From an external perspective, demonstrating compliance can act as a brand differentiator to build trust among consumers. From an internal viewpoint, automated data governance and policy management boosts productivity across the business.
Employees can be freed to access the data they need— without having to manually check if they’re compliant. The data can arrive dynamically, for aggregation, sharing and integration with other BI tools.
Naturally, along with flexibility and robustness, it starts with the foundational requirement to comply with necessary regulations that are updated or call for more control over PII or transparency around bias-free algorithms.
Once a data protection framework is in place, data governance can become a competitive advantage where the focus is less on simply controlling the data, and more focused on the people who require the data.
5. Data Democratization
Demand for democratizing data will continue to rise during 2023, requiring businesses to move away from the traditional top-down approach to data governance.
Instead, the focus will be on getting data into as many (approved) hands as necessary. Rather than expecting human expertise to have to seek out the data (often through manual and lengthy processes and bottlenecks), compliant data will become more accessible and available on-demand.
This will mean business intelligence becomes more oriented toward self-service— rather than being the preserve of IT. Corporate culture will also change, with employees increasingly incorporating data into decisions and collaborations.
“Organizations have an ever-increasing appetite to leverage their data for business advantage, either through internal collaboration, data sharing across ecosystems, direct commercialization, or as the basis for AI-driven business decision-making” (Forrester)

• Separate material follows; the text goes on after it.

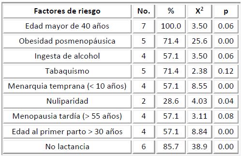 De los factores de riesgo de cáncer de mama presentes en las mujeres afectadas en la población estudiada, se encontró asociación estadísticamente significativa entre dicho tipo de cáncer y la obesidad posmenopáusica, la menarquia temprana, la nuliparidad, la edad mayor de 30 años al primer parto y no brindar lactancia materna.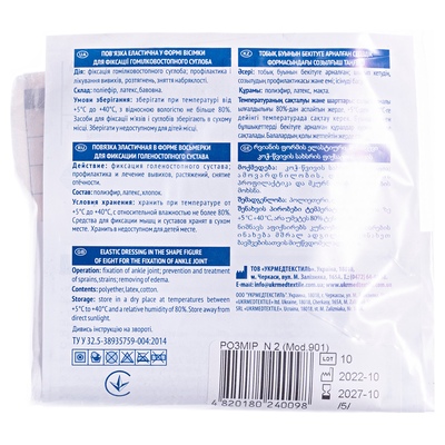 Склад пов’язки включає: поліефір, латекс та бавовну. Розмір пов’язки підбирається в залежності від обхвату щиколотки для забезпечення правильної посадки та ефективної підтримки.

From generating enriched data visualizations, to building applications, the rise in low code has shown what can be achieved by non-technical users.
Democratizing data— structured and unstructured— is a natural evolution of the process where usability is prioritized, alongside reducing the complexity and rigidity of traditional data governance processes.
Turning Data Trends into Stepping Stones for Success
Keeping up with trends has always been a central part of staying competitive. The five trends above form part of something more, though. They signal a structural, permanent shift. To a world where the concept of data— and data legislation— will constantly evolve. Leaving behind the days of gut instinct and HIPPO decision-making.
Building a dynamic form of governance, able to adapt to changing circumstances, is the bare minimum. Organizations require robust orchestration tools, along with automation to manage, cleanse and ensure integrity of the data.
As an aggregated and consolidated foundation, forming an all-encompassing “broad-spectrum” approach to data governance where data discovery and policy definition are combined (such as with encryption and tokenization as standard access control), data security platforms (DSPs) will therefore be crucial for business success.
Organizations also benefit from broad capabilities when adopting advanced analytics, cloud-based data lakes, and automation of policy enforcement. Granular and dynamic access controls can be implemented for data masking and governance. DSP-protected sensitive data can also be used directly, without masking.